What is perineural invasion in skin cancer?
Perineural invasion, also known as neural invasion, is a term used to describe the spread of cancer cells along the nerves in the skin. It is a significant finding in the treatment of cutaneous squamous cell carcinoma, a type of skin cancer affecting the outermost skin layers.
Suppose you live in Scottsdale or Phoenix, Arizona, and have recently been diagnosed with cutaneous squamous cell carcinoma. In that case, you may consider Mohs micrographic surgery as a treatment option. This specialized type of surgery is used to remove skin cancer while minimizing the risk of scarring and preserving as much healthy tissue as possible.
During Mohs surgery, the surgeon removes thin layers of skin one at a time and examines them under a microscope to check for any remaining cancer cells. This process is repeated until all of the cancer cells have been removed.
One of the critical advantages of Mohs surgery is that it allows the surgeon to accurately stage cancer, including identifying the presence of perineural invasion. This is an essential factor to consider in treating cutaneous squamous cell carcinoma, as perineural invasion can affect the prognosis and the recommended course of treatment.
Perineural invasion occurs when cancer cells spread along the nerves in the skin. This can make cancer more difficult to treat and increase the recurrence risk. It is more common in certain types of skin cancer, such as squamous and basal cell carcinoma. It is more likely to occur in more significant or more aggressive cancers.
The presence of perineural invasion can also affect the pain associated with cancer. Cancer cells invade the nerves and cause pain or numbness in the affected area. This can be a significant concern for patients, as uncontrolled pain can significantly impact their quality of life.

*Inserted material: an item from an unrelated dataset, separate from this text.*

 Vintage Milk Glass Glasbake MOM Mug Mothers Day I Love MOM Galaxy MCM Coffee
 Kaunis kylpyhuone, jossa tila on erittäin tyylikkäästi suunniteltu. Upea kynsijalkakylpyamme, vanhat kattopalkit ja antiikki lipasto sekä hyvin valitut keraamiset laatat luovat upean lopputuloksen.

Your surgeon will discuss your treatment options if the perineural invasion is detected during Mohs surgery. Depending on the extent of the perineural invasion and the location of cancer, your surgeon may recommend additional surgery to remove the affected nerves or referral to a specialist for further evaluation and treatment.

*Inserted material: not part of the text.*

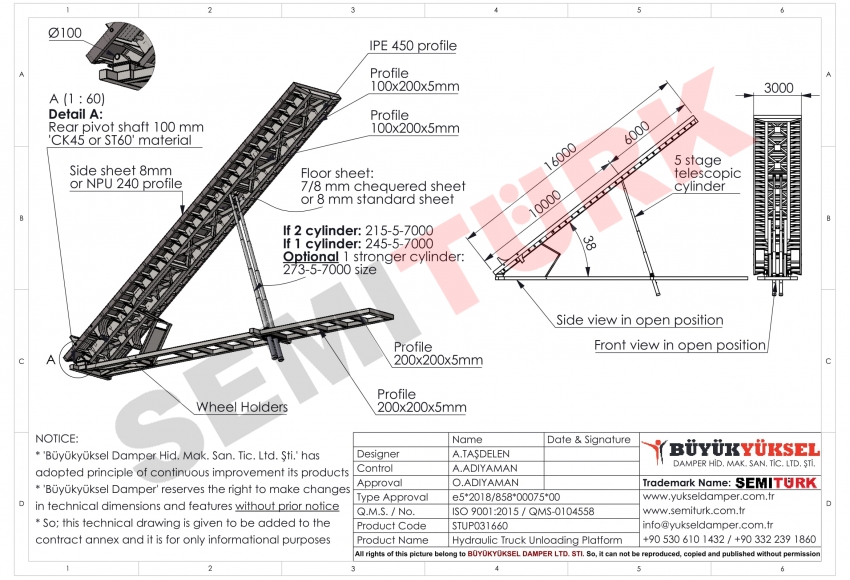 Kamyon / tır boşaltma platformu aşağıdaki seçenekler ile üretilmektedir;

In some cases, the perineural invasion may be treated with radiation therapy or chemotherapy. Depending on the case’s specifics, these treatments can be used alone or in combination with surgery.
It is important to note that perineural invasion does not necessarily mean cancer cannot be cured. On the contrary, many patients can achieve a good outcome with proper treatment and follow-up care.
Suppose you have been diagnosed with cutaneous squamous cell carcinoma and are considering Mohs surgery. In that case, it is essential to discuss all of your treatment options with your surgeon. Your surgeon can provide more information about the perineural invasion and how it may affect your treatment plan.
In conclusion, perineural invasion is a significant finding in the treatment of cutaneous squamous cell carcinoma and can affect the prognosis and recommended course of treatment. If you live in Scottsdale or Phoenix, Arizona, and have been diagnosed with this type of skin cancer, consider discussing Mohs micrographic surgery with our renowned Mohs surgeon at Phoenix Surgical Dermatology Group, Dr. Ramin Fathi, who has extensive experience with high-risk skin cancers.